Photo by Christy Porter
The Nativity at St. John the Baptist Catholic Church.

By Christy Porter, Managing Editor

Many of our Christmas traditions are biblically based, either directly or as a representation of the Christmas story.

Gifts, whether large or small, handmade or purchased, are tokens of the love or warm regards we have for others. They were present at the first Christmas, first and foremost in God’s greatest gift to mankind, his Son. “For God so loved the world that he gave his only begotten son, that whosoever believeth in him should not perish, but have everlasting life.” (John 3:16, KJV). Secondly Jesus received precious gifts. “…And when they had opened their treasures, they presented him gifts: gold, frankincense, and myrrh.” (Matthew 2:11, KJV). The gift bow can represent how we should all be tied together in bonds of goodwill.

Taking a prominent place in many homes is the Nativity, which represents the manger where Jesus was born. “And she brought forth her firstborn son, and wrapped him in swaddling clothes, and laid him in a manger, because there was no room in the inn.” (Luke 2:7, KJV).

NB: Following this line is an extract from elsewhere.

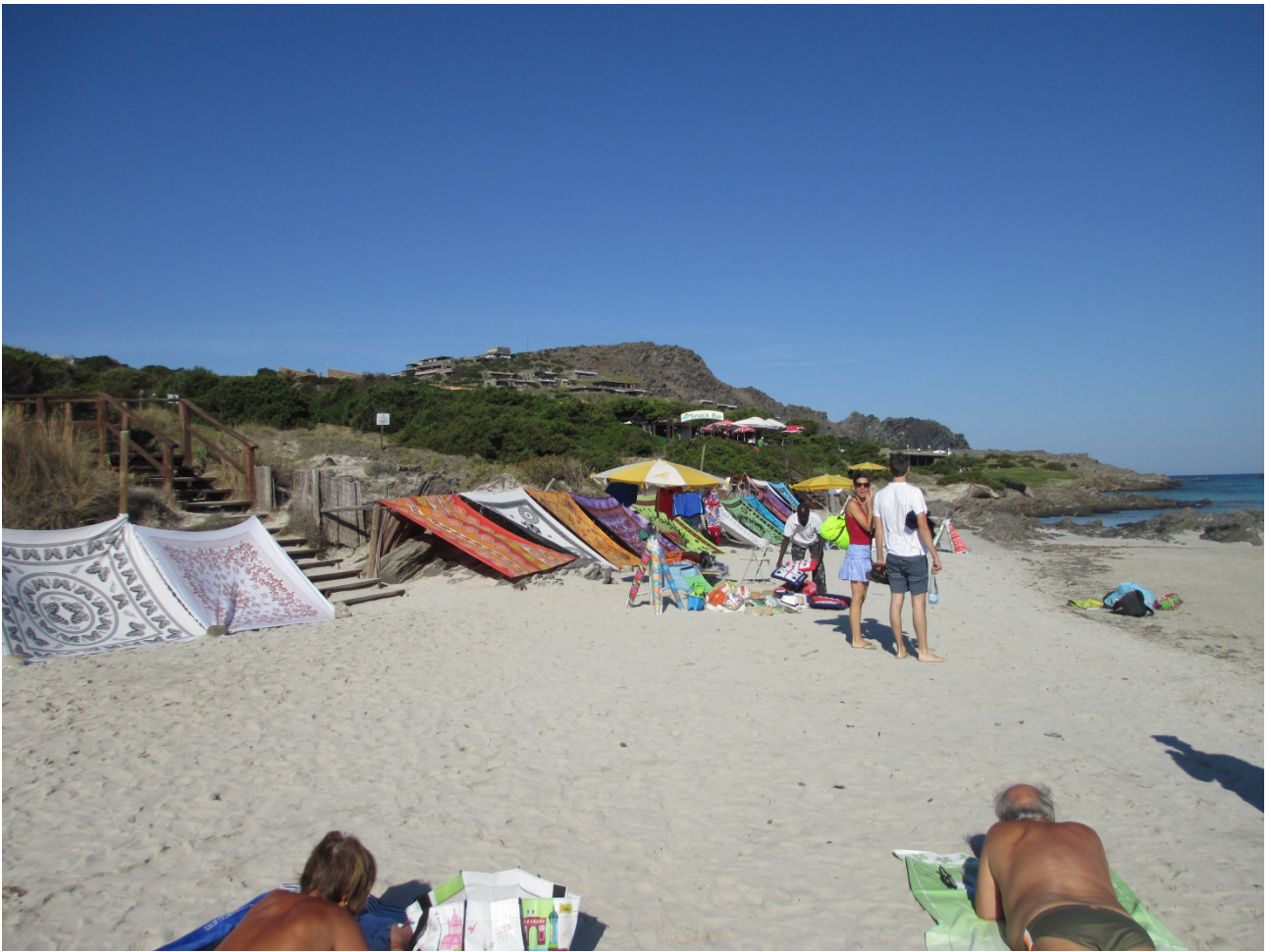
03/10/2015 Stintino ..... la pelosa e i suoi bagnanti

Music is a large part of most celebrations. And so at Christmas we sing carols! The Christmas carolers represent the multitude of angels that sang on the night Jesus was born. “And suddenly there was with the angel a multitude of the heavenly host praising God and saying, ‘Glory to God in the highest….’” (Luke 2:13-14, KJV).

The Christmas story in Luke tells of the shepherds doing their job, which was tending the sheep, and being the first to hear the good news of Jesus’ birth.

Representing the shepherds’ crook, which is used to bring lambs back into the fold, is the candy cane. Both are a reminder that Jesus is the Good Shepherd and we are all our brothers’ keepers. “And there were in the same country, shepherds abiding in the field, keeping watch over their flock by night.” (Luke 2:8, KJV). Some say the red stripes represent the blood of Jesus, the white stripes are for his purity, and the cane turned around is for the “J” of Jesus. As well, red is the color of Christmas and holly berries used in holiday decorations. The second color of Christmas is evergreen, representing everlasting life, and the color of most of the trees which we decorate for the season.

The bells of Christmas are a call to mankind to worship the newborn King. Oftentimes bells are also used to locate that which is missing.

The wreath is a symbol of the never ending eternal nature of Christ, no beginning or end.

The star tops many family Christmas trees and may be more in our conscience this year due to the “Christmas Star” or “Star of Bethlehem” lighting the 2020 sky. “Where is the new born king of the Jews? For we have seen his star in the east, and have come to worship him.” (Matthew 2:2, KJV). Also providing light in the darkness, we light our Christmas candles, mirroring starlight reflection and that Jesus brought light into the world. “To give light to them that sit in darkness and in the shadow of death, to guide our feet into the way of peace.” (Luke 1:70, KJV).

May we all take the opportunity to reflect on the true meaning of Christmas this season, especially at the end of this very unique and trying year. Wishing you and yours Christmas blessings and a healthy, happy New Year.

1 Comment

  1. Joyce on January 3, 2021 at 4:14 pm

    This story of Our Lord Jesus Christ, was such a blessing to me, thank you for having this in our local paper.